Your task is to output the listing exactly, leaving every image out.

→ DATA SEGMENT:

● ● ● ● ● ● ●

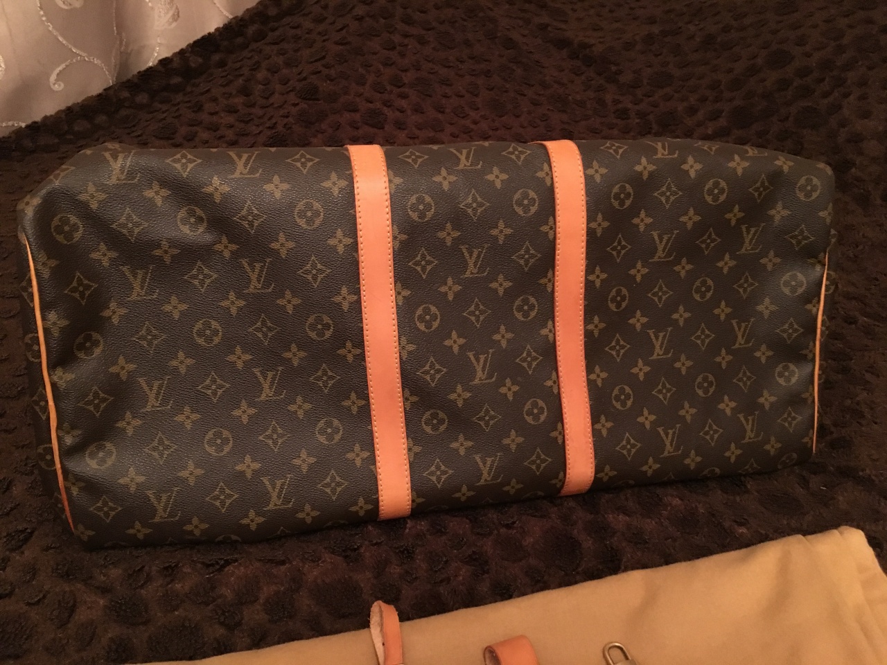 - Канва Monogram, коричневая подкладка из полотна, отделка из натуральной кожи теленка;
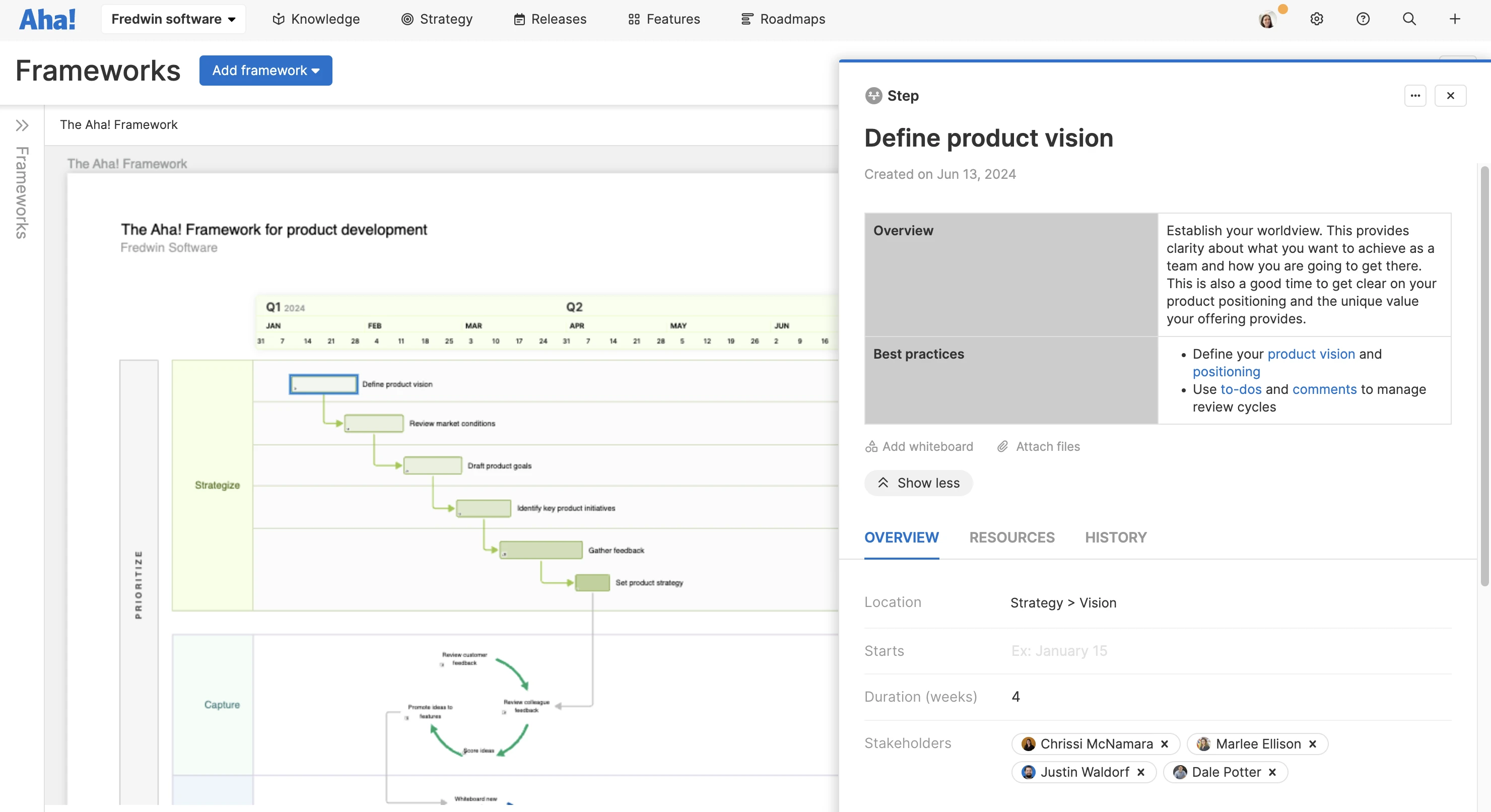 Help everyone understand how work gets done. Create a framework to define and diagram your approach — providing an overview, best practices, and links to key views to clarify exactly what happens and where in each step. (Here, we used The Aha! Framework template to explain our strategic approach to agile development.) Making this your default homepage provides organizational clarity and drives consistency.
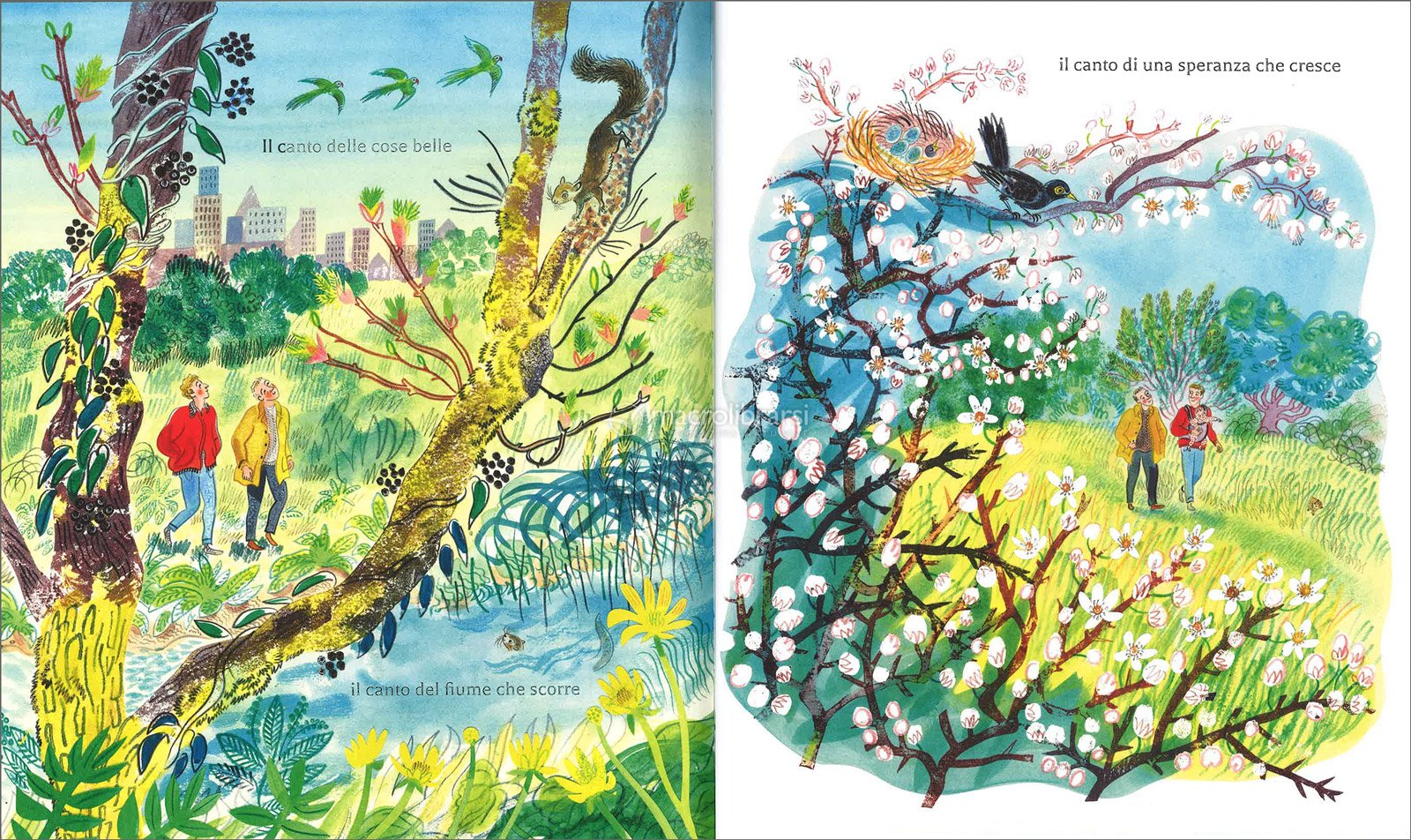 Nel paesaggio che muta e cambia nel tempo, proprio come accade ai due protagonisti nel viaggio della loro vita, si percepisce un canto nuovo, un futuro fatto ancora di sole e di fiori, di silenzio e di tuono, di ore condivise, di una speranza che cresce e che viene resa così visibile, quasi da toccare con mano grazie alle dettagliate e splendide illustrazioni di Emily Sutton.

● ● ● ● ● ● ●

→ THE ANSWER:
 - Канва Monogram, коричневая подкладка из полотна, отделка из натуральной кожи теленка;
 Help everyone understand how work gets done. Create a framework to define and diagram your approach — providing an overview, best practices, and links to key views to clarify exactly what happens and where in each step. (Here, we used The Aha! Framework template to explain our strategic approach to agile development.) Making this your default homepage provides organizational clarity and drives consistency.
 Nel paesaggio che muta e cambia nel tempo, proprio come accade ai due protagonisti nel viaggio della loro vita, si percepisce un canto nuovo, un futuro fatto ancora di sole e di fiori, di silenzio e di tuono, di ore condivise, di una speranza che cresce e che viene resa così visibile, quasi da toccare con mano grazie alle dettagliate e splendide illustrazioni di Emily Sutton.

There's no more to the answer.